Getting mRNA on-target

C&I Issue 1, 2024

Read time: 1-2 mins


The technology behind the mRNA vaccine for Covid-19 shows huge promise for other vaccines as well as therapeutics for cancer, cardiovascular disease and immunological diseases.

Now researchers have found that while the technology produces most proteins as intended, there are also some unintended immune responses. However, they also report a solution to enable the safer design of future mRNA vaccines.

Researchers at the University of Cambridge, UK, studied the mechanisms of the Pfizer–BioNTech mRNA vaccine. They found an off-target immune response in one third of those vaccinated, but with no ill effects (Nature, doi: 10.1038/s41586-023-06800-3).

mRNA is the genetic material that tells cells in the body how to make a specific protein. The team, led by Anne Willis and James Thaventhiran, discovered that the cellular machinery that reads mRNA ‘slips’ when confronted with repeats of a chemical modification commonly found in mRNA therapeutics. In addition to the target protein, this leads to the production of off-target proteins.

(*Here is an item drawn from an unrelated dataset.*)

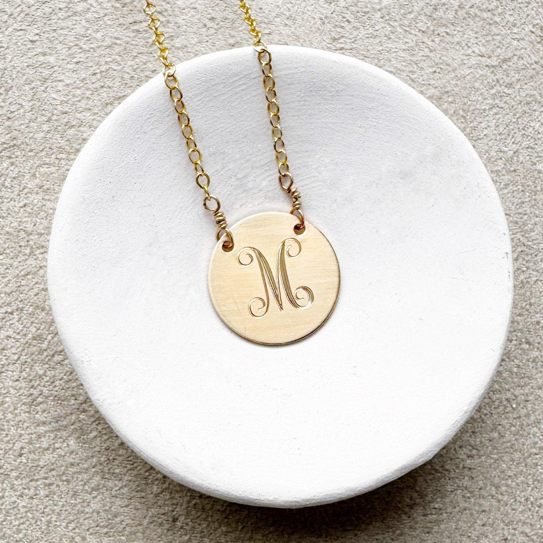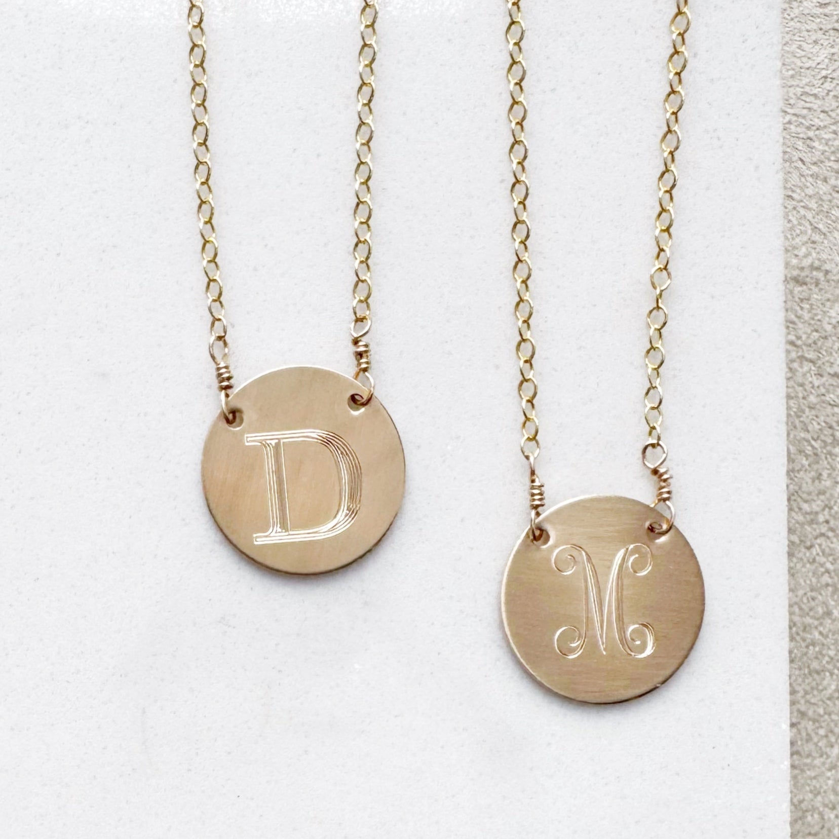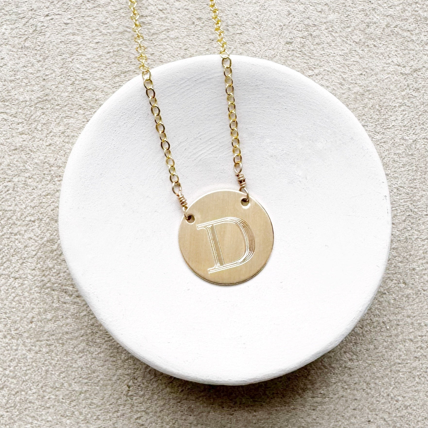 Polished and personal, our Single Initial Necklace has a hand brushed finish and is engraved in our Doylestown, PA studio with a single letter that is meaningful and close to your heart. Layers beautifully with other necklaces and comes in both 14K Gold Filled and Sterling Silver.

The team found that bases with a chemical modification called N1-methylpseudouridine, which are currently contained in mRNA therapies, are responsible for the slips along the mRNA sequence. However, removing these runs of N1-methylpseudouridine from the mRNAs prevents off-target protein production.

‘We can remove the error-prone code from the mRNA in vaccines so the body will make the proteins we want for an immune response without inadvertently making other proteins as well,’ explains Thaventhiran. ‘The safety concern for future mRNA medicines is that mis-directed immunity has huge potential to be harmful, so off-target immune responses should always be avoided.’

‘This is a landmark study impacting both upon our understanding of the fundamental molecular biology around how proteins are made, but also with real-world relevance because of the use of modified nucleotides,’ comments virologist Stephen Griffin, University of Leeds, UK.